Dimana Hazel?

348 58 16
                                    

Bian berdecak pelan, tangan kirinya memegang ponsel erat sembari mencoba terus menghubungi Hazel. Sedangkan kanannya dengan lihai memutar setir mobil.

Setelah bertengkar dengan Nina, Hazel memutuskan untuk pulang lebih dulu tanpa pamit pada siapapun hingga membuat Bian harus mengatasi berbagai pertanyaan dari keluarga Dwiyatama.

"Kamu dimana sih?" Gumamnya.

Jam sudah menunjukkan pukul dua belas malam tapi Hazel sama sekali tidak menunjukkan tanda-tanda keberadaannya.

Menanyai Tian dan Mae juga tidak membuahkan hasil, keduanya kompak menggeleng tak tahu menahu dimana Hazel berada.

Dengan mata yang mulai memberat, ia berusaha menyusuri tepi jalan untuk melihat apa Hazel ada diantara salah satu pejalan kaki.

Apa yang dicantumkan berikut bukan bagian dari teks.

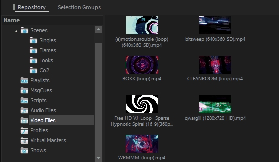 The audio and video files folder can hold all audio and video files used in your shows. To add new files to your repository right-click > "New", or simply drag a file from the windows explorer into the right side of the repository. All files added to the repository will be automatically copied into the project folder's content folder.
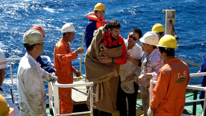 He said he drifted for eight days before being rescued by a passing freighter about 100 miles off the coast of Massachusetts.
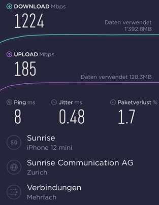 Ich weiss nicht was ihr habt, bei mir funktioniert 5G sogar mit Sunrise Prepaid wunderbar. Gerade mit dem iPhone 12 mini speed test gemacht.
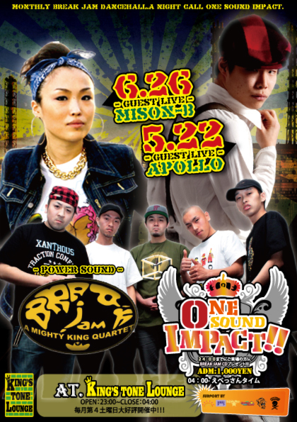 BREAK JAMが一夜をONE SOUNDでお送りするこのDANCE,毎回リピーターが増え益々勢いのいいこのDANCEに次世代筆頭DEEJAY"APOLLO"が登場!!!
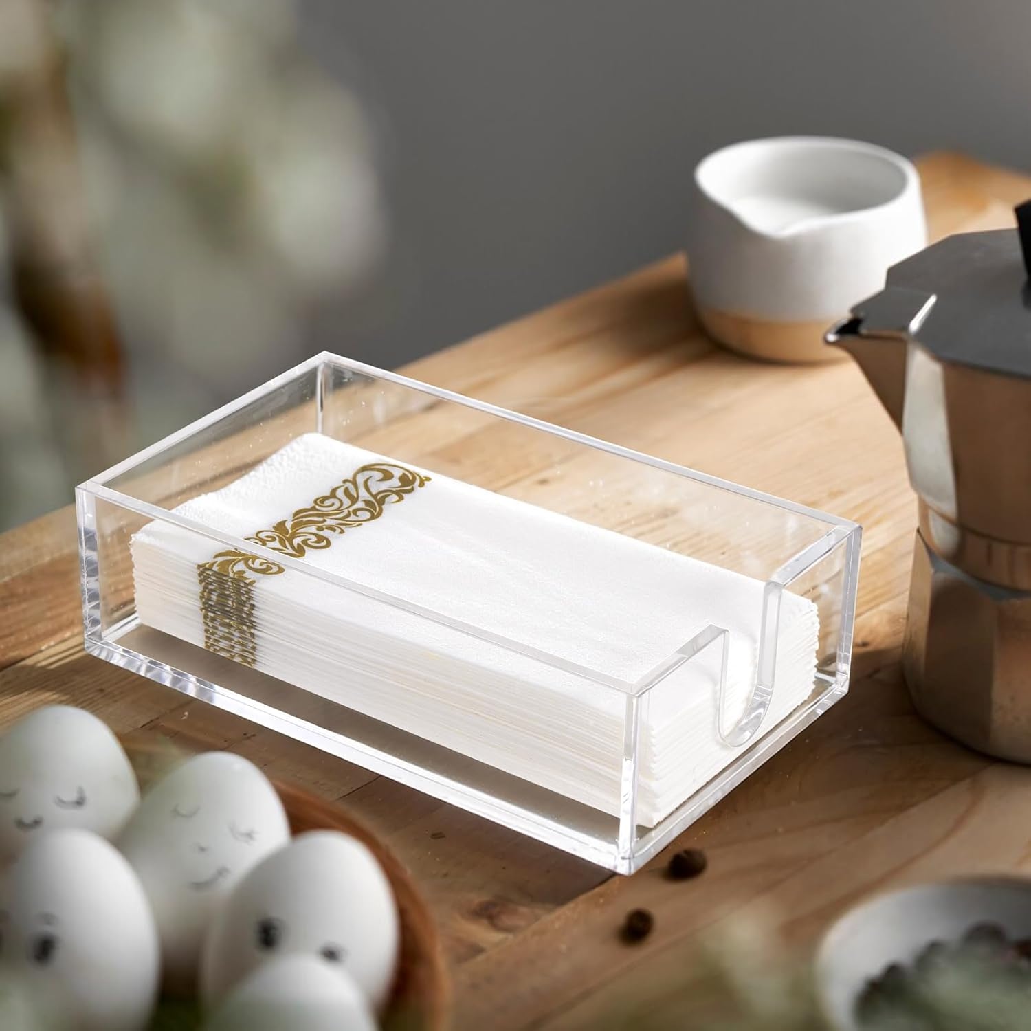 - Stress-Free Reach: Featuring an innovative side U-cut, this bathroom napkin holder tray delivers instant access to napkins - even with messy hands. Just pop it on your countertop (no tools needed) and enjoy one-handed convenience.
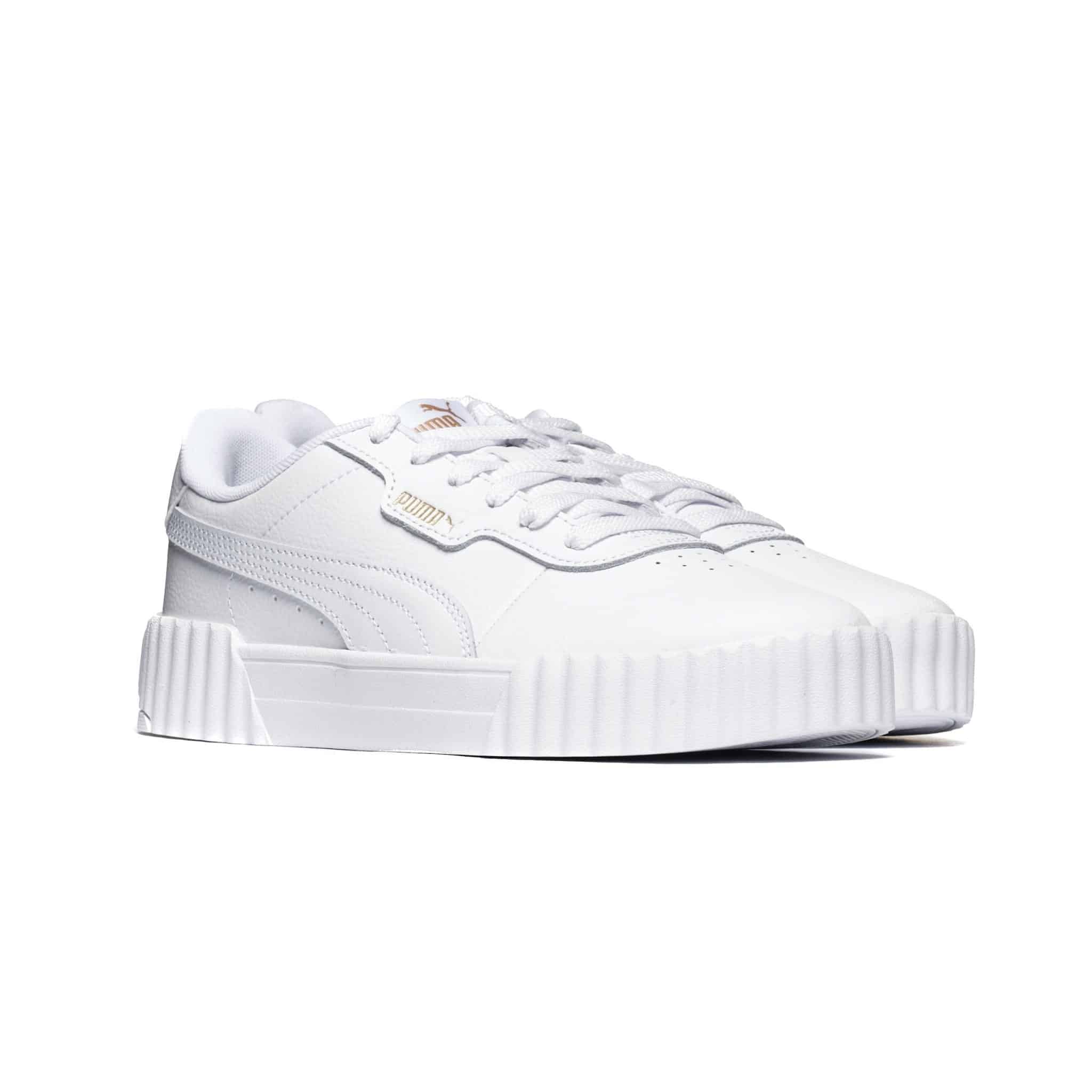 Białe sneakersy Puma Carina 3.0 to połączenie klasyki z nowoczesnym stylem, które wyróżniają się skórzaną cholewką. Dzięki niskiej cholewce i okrągłemu noskowi, obuwie zapewnia swobodę ruchów, co czyni je idealnym do codziennych stylizacji. Wnętrze z tkaniny gwarantuje odpowiednią wentylację, a wygodna wkładka z tkaniny sprawia, że noszenie ich przez cały dzień to czysta przyjemność. Guma w podeszwie zewnętrznej zapewnia dobrą przyczepność, co jest istotne podczas spacerów po mieście czy aktywności na świeżym powietrzu. Puma Carina 3.0 świetnie komponuje się z jeansami i casualowymi sukienkami, dodając każdej stylizacji lekkości i sportowego charakteru.
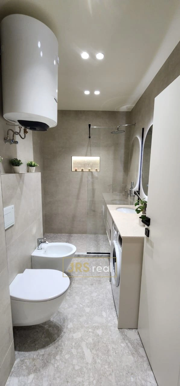 Ve výhradním zastoupení majitele nabízíme k prodeji plně zařízený byt 3+kk o velikosti 71 m² v oblíbeném přímořském městě Durrës v Albánii. Byt se nachází ve 2. patře bytového domu s výtahem. Po vstupu do bytu Vás přivítá prostorná chodba s botníkem a věšáky. Po pravé straně se nachází koupelna vybavená pračkou, umyvadlem, zrcadlem, sprchovým koutem, bidetem a toaletou. Na konci chodby je hlavní obytná část tvořená obývacím pokojem spojeným s kuchyní. V obývacím pokoji je k dispozici velká pohodlná pohovka, konferenční stolek, obývací stěna a televize. V jídelní části se nachází jídelní stůl se židlemi. Kuchyně je vybavená kuchyňskou linkou s vestavěnou troubou, sklokeramickou varnou deskou a lednicí. Z obývací části je vstup do pokoje, který je vybavený dvěma jednolůžkovými postelemi a šatní skříní – ideální jako dětský pokoj nebo pokoj pro hosty. Naproti pokoje je ložnice s dvoulůžkovou postelí, toaletním stolkem, zrcadlem a televizí. Z ložnice je vstup na terasu s výhledem do města, která nabízí příjemné posezení. Byt je v perfektním stavu, klimatizovaný a moderně zařízený. Díky své poloze představuje ideální příležitost jak pro vlastní rekreaci, tak pro investici. V případě zájmu kontaktujte makléře.
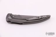 With a narrowing point in a traditional Japanese-style tanto, this blade is the epitome of stabby! With the widest point of the profile just shy of an inch, and narrowing down to an atom at the tip, this blade begs to poke things! Much more gentlemanly than our traditional fare, but still robust and rugged like you expect from Jake Hoback Knives. Caged bearings make this blade fly open with a crack and close with gentle smoothness.
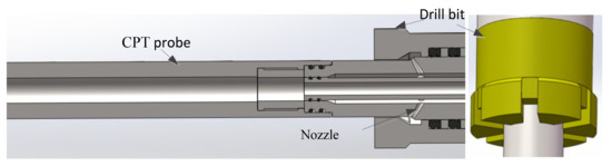 The cross-sectional area of the probe is considerably smaller than that of the drill bit, resulting in a lower soil resistance for the probe compared to the drill bit. In certain instances, the probe can penetrate under a specific amount of force, while the drill bit is unable to continue moving downward, halting the CPT. To address this issue, the drilling rig drives the drill bit to rotate, therefore reducing the frictional resistance of the soil [17]. During drill-bit rotation, seawater flushing is necessary to prevent burning or clogging [18]. However, the flow noise generated by seawater flushing propagates along the drill pipe and the detection signal, distorting the received signal. To enhance the accuracy of the received signal, it is essential to understand the flow-noise characteristics of the drill bit and suppress them effectively.

Hingga akhirnya matanya sedikit menyipit pada satu arah.

.
.
.
.

Kosong. Itu yang Hazel rasakan. Ucapan Nina memang tidak setajam yang biasa ia dengar dulu, namun itu sudah cukup melukai hatinya.

Apa yang salah dari tidak mendapat kasih sayang ibu? Toh kasih sayang dari ayah dan kakeknya sudah lebih dari cukup untuknya.

Tatapannya beralih pada ponsel yang menunjukkan berpuluh-puluh panggilan tak terjawab dari Bian. Ia mendengus, padahal pria itu yang memaksanya minta maaf pada Nina.

Entah sudah berapa botol minuman yang habis ditelan Hazel. Kepalanya terasa berat, tubuhnya sempoyongan hingga kedua kakinya dirasa tak mampu menopang tubuhnya lagi.

Tapi bukannya jatuh terduduk, ia justru merasa tubuhnya melayang.

"Hazel!"

Hazel terkekeh, ia kenal betul aroma parfum ini.

"Nyariin gue juga lo?" Sinis Hazel.

Bian yang menyadari Hazel yang sudah mabuk lantas menggendongnya ala bridal dan membawanya masuk ke dalam mobil.

"Lepas! Gue gak mau pulang." Bian mengabaikan teriakan Hazel yang semakin meronta dalam pelukannya.

"Diam Hazel." Bian sedikit meringis ketika helai rambutnya ditarik kebelakang oleh Hazel.

"MAKANYA LEPASIN!"

"MAU SAMPAI KAPAN KAMU KAYAK GINI?!"

Hazel mematung, kesadarannya seolah dipaksa masuk kembali dengan nada tinggi yang dilayangkan Bian.

"Sampe rasa sakit hati gue ilang." Helaan napas berat ia hembuskan, kemudian menatap Bian lamat-lamat.

"Gue emang ga pernah dapet kasih sayang mama dan gue juga ga pengen ada diposisi ini, tapi gue bisa apa? Disini sakit tiap ada yang ngungkit soal mama." Hazel memukul-mukul dadanya, mengisyaratkan betapa besar sakit yang ia rasa.

"Dan kamu pikir dengan mabuk kayak gini, mendiang mama bakal seneng disana?" Nada bicara Bian melemah. Sedewasa apapun Hazel sekarang, ia masihlah seorang anak yang membutuhkan kasih sayang.

"Ikut saya pulang, ya?"

.
.
.
.

Paginya, Hazel mengaduh sambil berusaha mengeluarkan isi perutnya. Mendadak ia menyesal meminum sebanyak itu.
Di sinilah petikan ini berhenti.